I can never get enough of Matthew Smith's paintings, and his work is frustratingly under exposed, very rarely will I see a book or postcard or anything that gives this master colourist a mention.
It was way back in 1983 that I made my way over to the Barbican Centre in London to see his major retrospective and it was a wonderful experience and still lives with me today.  It is no surprise to me to find out that this painter spent a short while at the Matisse Art School in Paris, and was very influenced by the Fauvist and Post-Impressionists that were working in Paris before the First-World War.  This painting Nude, Fitroy St. No.1 1916, was obviously painted when he was back in London.
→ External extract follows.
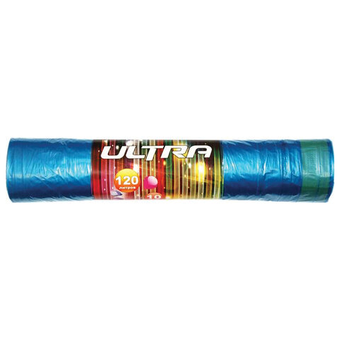 Мешки для мусора 120 л, с завязками, синие, в рулоне 10 шт., ПВД, 30 мкм, 70х110 см, КБ, "Ultra", 1725
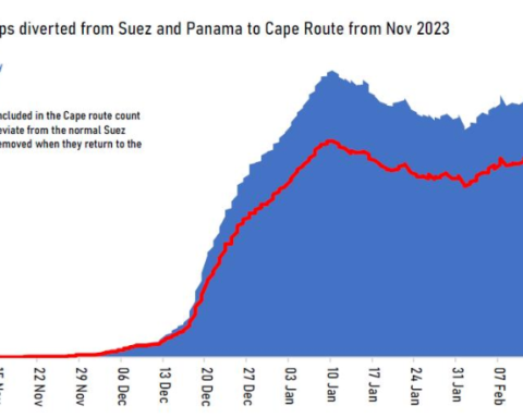 403 boxships, i.e. 5.14 million Teus, have been rerouted to the Cape of Good Hope since November

As can be seen by this landscape painted during his war years, how influenced he was by the Irish artist Roderic O'Connor who would have been living and painting in France at the same time that Smith was there.


Sunday, January 12, 2014

Favourite things

Matryoshka blue vase
I have been working on a series of flower paintings.  I feel so happy with a vase of flowers set up in front of me in the studio, especially during the dark gloomy days of winter.  I came across some very pretty michelmas daisy-type flowers in my local supermarket, and they had a strange dusty antique quality about them, and created the challenge that I was looking for.  I find working from life stops me from becoming too formulaic in the way I paint, as the permutations are endless when it comes to form and colour, as every leaf and petal presents a new challenge visually. 
Matryoshka daisies
 My paternal grandmother had a lovely flower painting above her fireplace, painted by one of her artist friends(loveday), I inherited it and it was probably one of the first examples of a portrait of flowers that I would have seen as a child. 
loveday flower painting
 I have always loved Dutch still life paintings with their intense observation giving nature centre stage.  I think I re-visited my preconceptions of a vase of flowers when watching a programme on the TV on van Gogh I realized how large and daring some of his sunflower paintings were.  They were certainly standing up on their own in all their glory, unapologetic and beautiful.  As a student my favourite flower painting was Vuillard‘s mantelpiece painting, a busy divine painting about nothing and everything, a time-snatched incidental composition, but so beautiful and spiritual, like a prayer.
Vuillard The Mantelpiece
  There is nothing more complete than painting an inconsequential vase of randomly picked daisies from the garden, it is so simple yet for me defines everything that is important in this world. However Duncan Grant’s Parrot Tulips are far from spiritual they are of this world rich and earthy, exotic and sensual the velvet cloth they stand on is tactile and warm and the whole composition for me is perfection, vibrant and masterful, it was exhibited at the Camden Town exhibition in London 1909.  
Duncan Grant parrot tulips
 
 
My theme this year is Matryoshka which means Russian Doll, as I am looking at Russian textiles and culture for inspiration, and  these recent flower paintings  will be at the Brussells Affordable Art Fair with The Doorway Gallery this February 2014.